• What is needed:
Write out again the lines from the line with "この度のウェブサイト全面リニ" up to and including the line with "The paper presents", exactly as they stand below, and skip any picture.

• Materials provided:
════════════════

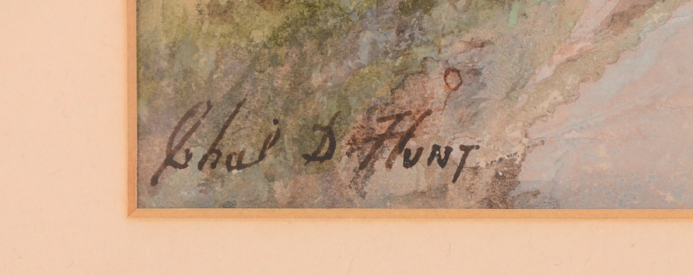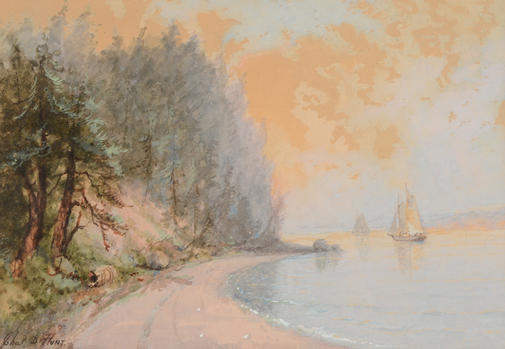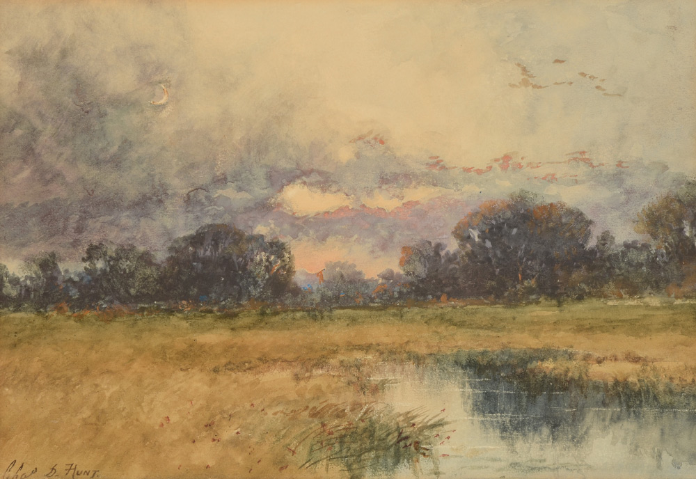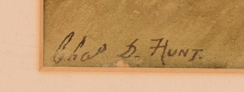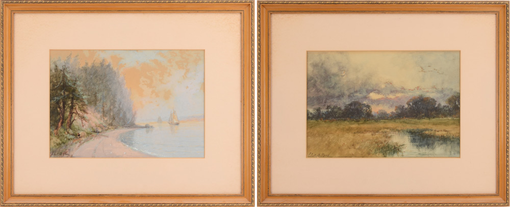 2 CHARLES D HUNT LANDSCAPE PAINTINGS HUNT, Charles, (American, 1840-1914): 2 Scenes, 1) Coastal Scene, sight size 9 3/4'' x 14'', signed lower right, framed, 18 1/2'' x 23'', 2) Pastoral Meadow Landscape, 9 3/4'' x 14'', signed lower right, framed, 15'' x 22''.
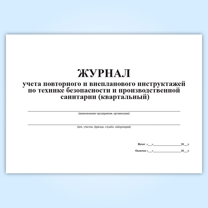 Журнал учета повторного и внепланового инструктажей по технике безопасности и производственной санитарии (квартальный) в Твери купить
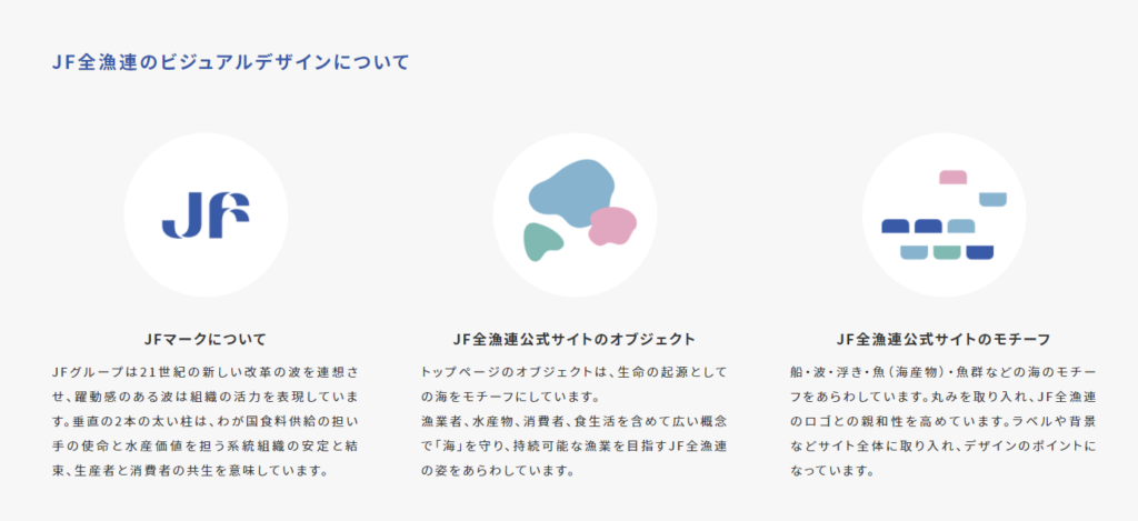 この度のウェブサイト全面リニューアルでは、JF全漁連の事業内容やJFグループの概要について分かりやすく説明するページを追加し、漁業関係者だけでなく消費者もターゲットとしたデザインにしました。
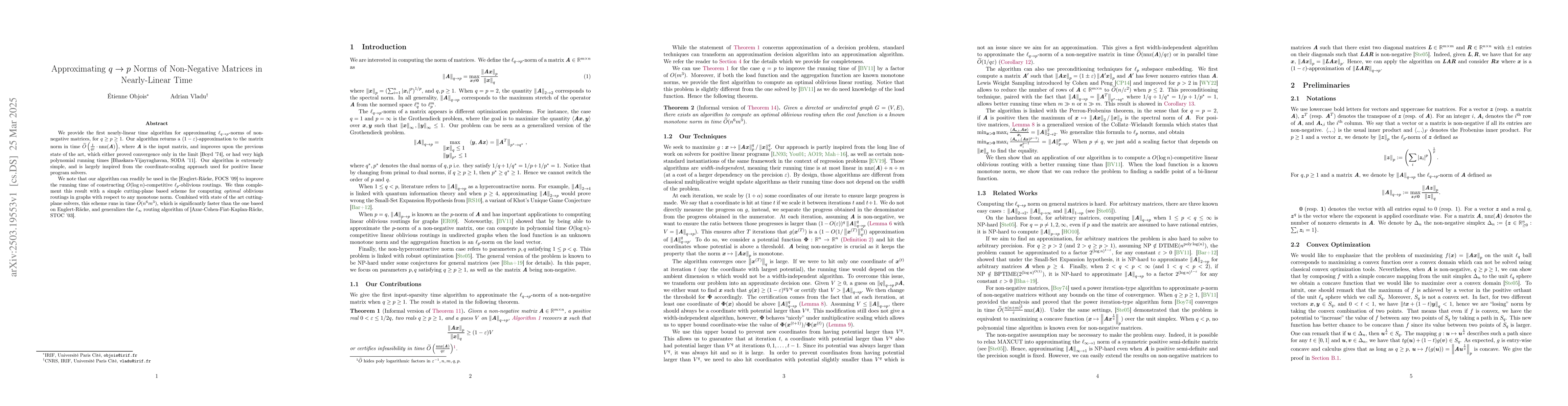 The paper presents an algorithm for approximating $\ell_{q \rightarrow p}$-norms of non-negative matrices in nearly-linear time, inspired by coordinate-scaling approaches used for positive linear program solvers.
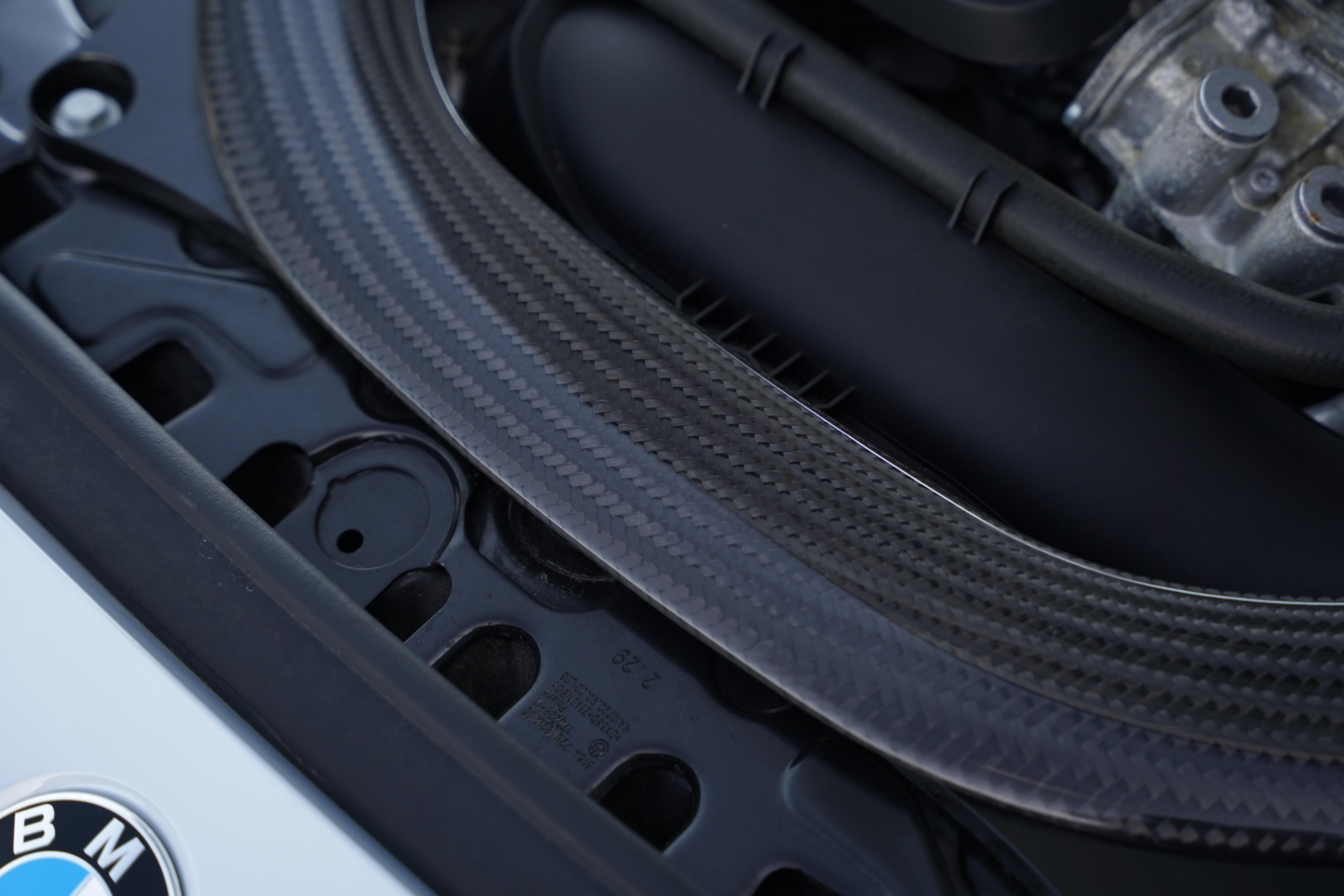 The interior features a focused aesthetic that perfectly captures BMW’s motorsport heritage. The black Dakota Leather features a blue contrast stitch and carbon fibre trim can be found on the dashboard, doors and centre console. M-Sport seat belts complete the theme. Additional interior specification includes CarPlay, dual-zone climate control, navigation and cruise control.

════════════════

• Completed task:
 この度のウェブサイト全面リニューアルでは、JF全漁連の事業内容やJFグループの概要について分かりやすく説明するページを追加し、漁業関係者だけでなく消費者もターゲットとしたデザインにしました。
 The paper presents an algorithm for approximating $\ell_{q \rightarrow p}$-norms of non-negative matrices in nearly-linear time, inspired by coordinate-scaling approaches used for positive linear program solvers.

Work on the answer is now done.